June 18 (Bloomberg) -- Royalty Pharma withdrew its request for a judicial review of an Irish Takeover Panel decision requiring the company to end its $6.7 billion bid for Elan Corp., which has begun a formal sale auction process.
Elan shareholders approved a share-repurchase plan yesterday, a vote that meant Royalty Pharma had to let its unsolicited takeover offer for the drugmaker lapse, according to the panel’s ruling. A court hearing was scheduled for tomorrow in Dublin to consider the regulator’s decision.
“In light of recent developments, we are no longer pursuing the judicial review we had requested,” Royalty Pharma Chief Executive Officer Pablo Legorreta said today in a statement.

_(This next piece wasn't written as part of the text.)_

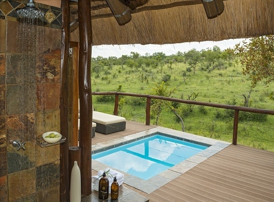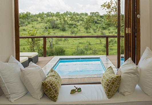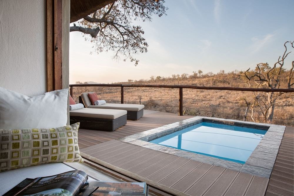 The large private viewing deck encompasses plush sun loungers conveniently placed beside the plunge pool to soak up the Madikwe sunshine all year round!
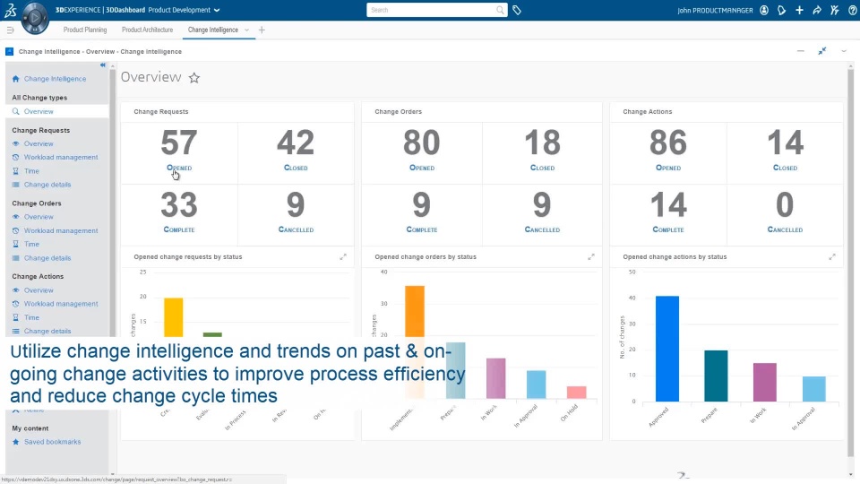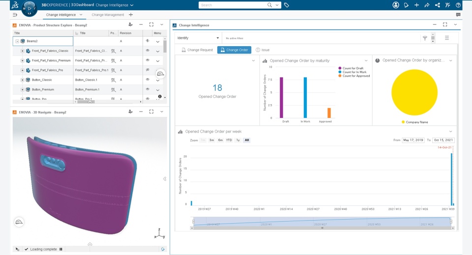 Understand the rate of change during key delivery milestones by providing a new metric Opened Change Action per week to the Engineering Cockpit page. Showcase all the objects linked with the affected item of a change request. Harmonize change icons across change intelligence application to ensure consistency across change widgets.

The withdrawal may not end the pursuit of Dublin-based Elan that Royal Pharma publicly began in February. Elan said last week it will invite the company to participate in the formal sale process with other potential buyers. Possible bidders include Allergan Inc., Regeneron Pharmaceuticals Inc., Vertex Pharmaceuticals Inc., Alexion Pharmaceuticals Inc., Zoetis Inc., Mylan Inc. and Perrigo Co., Jefferies LLC analyst Corey Davis said in a note to investors today.
Royalty Pharma, which also has headquarters in Dublin, had no comment yet on whether it will participate in the auction, said Andrea Coleman, a spokeswoman.
Elan’s American depositary receipts rose as much as 2.2 percent to $13.79 and were trading up 1.9 percent at 11:37 a.m. in New York. The shares have gained 35 percent this year.
Since an indicative offer of $11 for each American depositary receipt on Feb. 25, Royalty has raised its formal bid twice to $13 per ADR, plus $2.50 if certain sales and development goals are met. Elan’s board has rejected all proposals by Royalty Pharma. A “high taxpaying suitor” could be willing to pay $19 a share, Davis said.
Acquiring Elan would give Royalty Pharma access to royalties for Tysabri, an intravenous infusion discovered by Elan for multiple sclerosis. Biogen Idec Inc. of Weston, Massachusetts, agreed to buy Elan’s stake in the drug for $3.25 billion in cash plus future royalties on Feb. 6.
Legorreta pioneered the drug-royalty business in 1996 with the founding of Royalty Pharma, which now has $1.4 billion in revenue and a 96 percent profit margin, according to company documents. Its assets include 38 approved and marketed pharmaceutical products, mostly market-leading drugs for critical care and life-threatening diseases.
JPMorgan Chase & Co., Bank of America Corp. and Groton Partners are advising Royalty Pharma. Elan’s financial advisers include Davy Corporate Finance, Morgan Stanley, Ondra Partners and Citigroup Inc.